In extreme cases, if no one comes forward, a deceased individual may be classified as “unclaimed” and buried in a common grave, a situation that is becoming increasingly common, as highlighted in the book “The Unclaimed: Abandonment and Hope in the City of Angels.”

Shoshana Ungerleider, a physician and founder of End Well, advocates for proactive measures to identify seniors living alone and provide them with necessary support. Regular communication through calls, video chats, or texts can make a significant difference.

It’s essential to recognize that not all older adults share the same priorities for end-of-life care. For instance, Barden has taken steps to prepare for her passing, ensuring that her financial and legal matters are in order and funeral arrangements are made.

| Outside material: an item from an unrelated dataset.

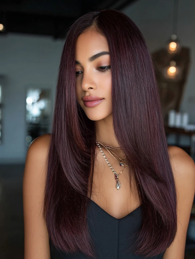 This color works well for fall and winter. It requires color-safe products to maintain vibrancy. The result feels dramatic yet refined.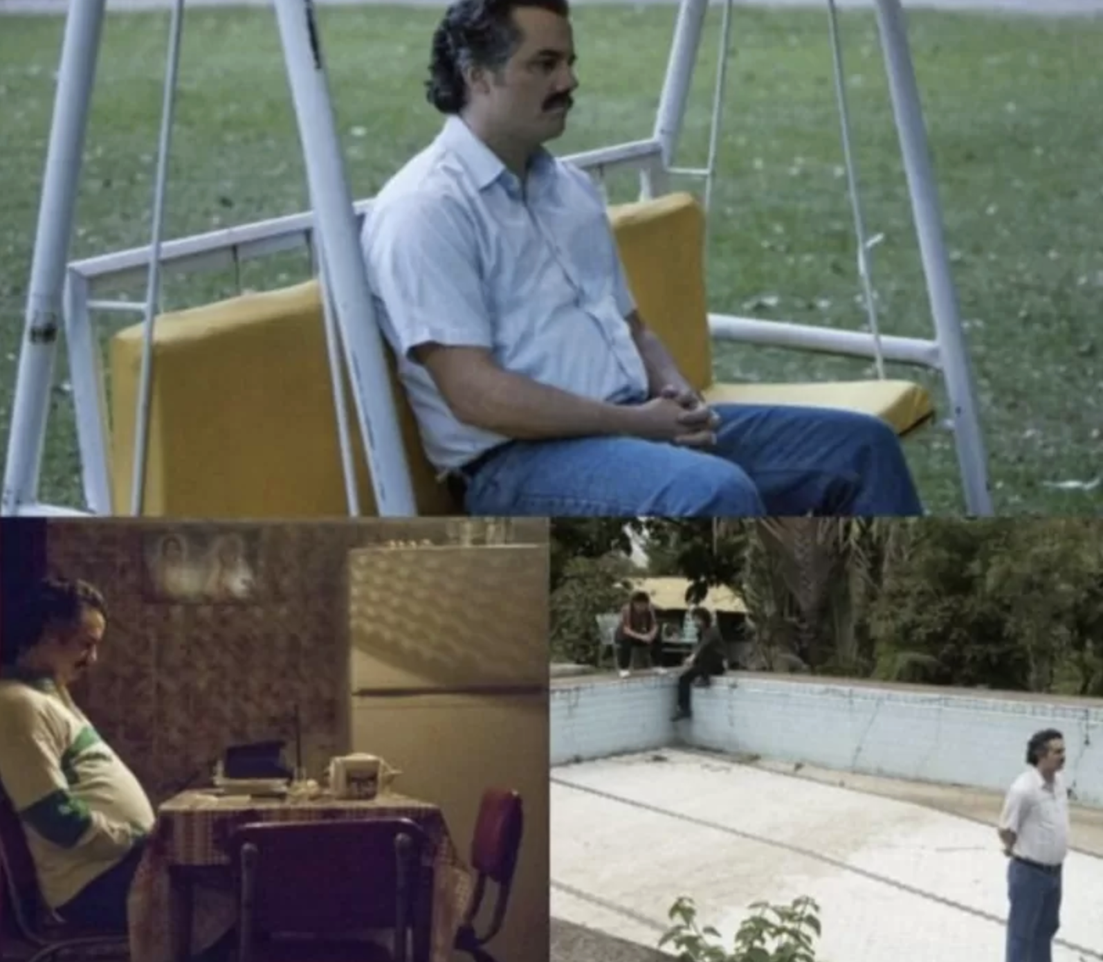 Пабло Эскобар показан в разные моменты одиночества. Сначала он сидит на качелях, за столом, потом стоит у пустого бассейна или просто ждет, глядя в никуда. В сериале эти сцены подчеркивают изоляцию персонажа и медленное разрушение его мира.

“I’ve been very blessed in life: We have to look back on what we have to be grateful for and not dwell on the bad part,” she shared. Reflecting on her life’s end, she stated, “It’s going to be what it is. We have no control over any of that stuff. I guess I’d like someone with me, but I don’t know how it’s going to work out.”

A Zoom photo of a senior woman with short white hair, glasses, and a pink shirt.
Elva Roy cherishes her independence and doesn’t want anyone with her at the end of her life. She’s considering medically assisted death if she becomes terminally ill.(Elva Roy)

Conversely, some individuals prefer to die as they have lived—independently. Elva Roy, 80, founder of Age-Friendly Arlington, Texas, has lived alone for 30 years following two divorces. She has contemplated dying alone and is considering medically assisted death if she becomes terminally ill, viewing it as a way to maintain control over her life.

“I don’t want somebody by my side if I’m emaciated or frail or sickly,” Roy expressed. “I would not feel comforted by someone being there holding my hand or wiping my brow or watching me suffer. I’m really OK with dying by myself.”